This is the main documentation for DataStore's contained within the
gora-core
module which (as it's name implies)
holds most of the core functionality for the gora project.
Every module
in gora depends on gora-core therefore most of the generic documentation
about the project is gathered here as well as the documentation for AvroStore
,
DataFileAvroStore
and MemStore
. In addition to this, gora-core holds all of the
core MapReduce, GoraSparkEngine, Persistency, Query, DataStoreBase and Utility functionality.
AvroStore can be used for binary-compatible Avro serializations. It supports Binary and JSON serializations.
Property Key | Property Value | Required | Description |
---|---|---|---|
gora.datastore.default= | org.apache.gora.avro.store.AvroStore | Yes | Implementation of the persistent Java storage class |
gora.avrostore.input.path= | *hdfs://uri/path/to/hdfs/input/path* || *file:///uri/path/to/local/input/path* | Yes | This value should point to the input directory on hdfs (if running Gora in a distributed Hadoop environment) or to some location input directory on the local file system (if running Gora locally). |
gora.avrostore.output.path= | *hdfs://uri/path/to/hdfs/output/path* || *file:///uri/path/to/local/output/path* | Yes | This value should point to the output directory on hdfs (if running Gora in a distributed Hadoop environment) or to some location output location on the local file system (if running Gora locally). |
gora.avrostore.codec.type= | BINARY || JSON | No | The property key specifying avro encoder/decoder type to use. Can take values BINARY or JSON but resolves to BINARY is one is not supplied. |
In the stores covered within the gora-core module, no physical mappings are required.

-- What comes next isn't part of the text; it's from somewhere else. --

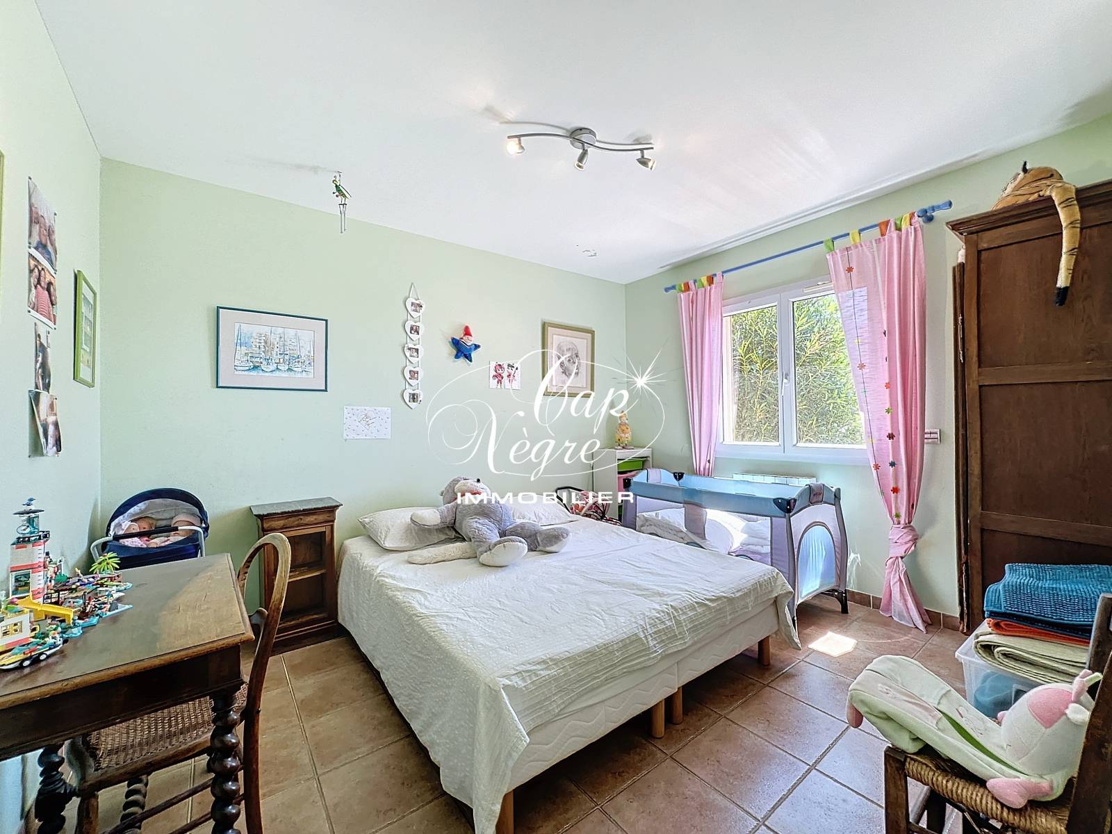 Les volumes généreux de la maison, bien exposée, créent une atmosphère lumineuse et accueillante. Avec une surface habitable de 250 m² dont 50m² pour l’appartement de type 2P, la maison comprend cinq chambres, 1 salle de bains, une salle d'eau et un bureau, offrant un grand confort de vie. Mitoyen à la maison, un appartement de type 2P comprenant séjour avec cuisine ouverte, une chambre avec salle d’eau, le tout donnant sur 2 terrasses dont une avec un olivier de 150 ans.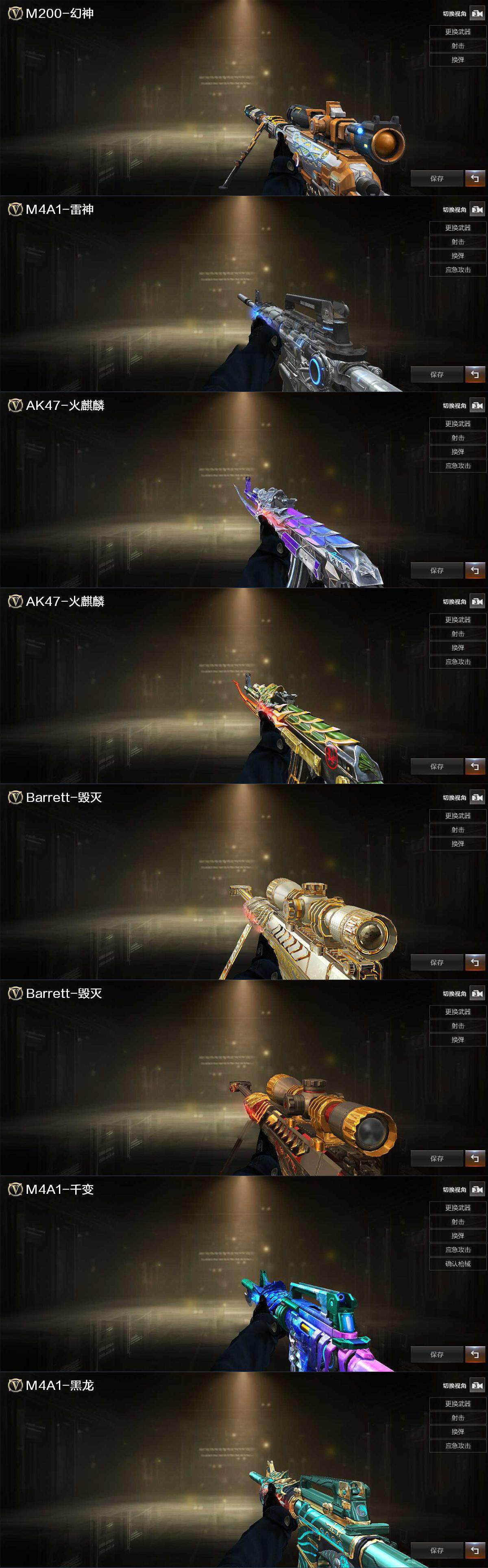 【皮肤】:M200-幻神-黄忠皮肤,雷神-星空*2,AK47-火麒麟-传奇EVEN,火麒麟-战神关羽,毁灭耀金皮肤,毁灭-英雄计划 皮肤,M4A1-千变-孔明皮肤,黑龙-墨子皮肤

DataFileAvroStore is file based store which extends <codeAvroStore to use Avro's DataFile{Writer,Reader}
's as a backend.
This datastore supports MapReduce.
DataFileAvroStore would be configured exactly the same as in AvroStore above with the following exception
Property Key | Property Value | Required | Description |
---|---|---|---|
gora.datastore.default= | org.apache.gora.avro.store.DataFileAvroStore | Yes | Implementation of the persistent Java storage class |
In the stores covered within the gora-core module, no physical mappings are required.
Essentially this store is a ConcurrentSkipListMap in which operations run as follows
MemStore would be configured exactly the same as in AvroStore above with the following exception
Property Key | Property Value | Required | Description |
---|---|---|---|
gora.datastore.default= | org.apache.gora.memory.store.MemStore | Yes | Implementation of the Java class used to hold data in memory |
In the stores covered within the gora-core module, no physical mappings are required.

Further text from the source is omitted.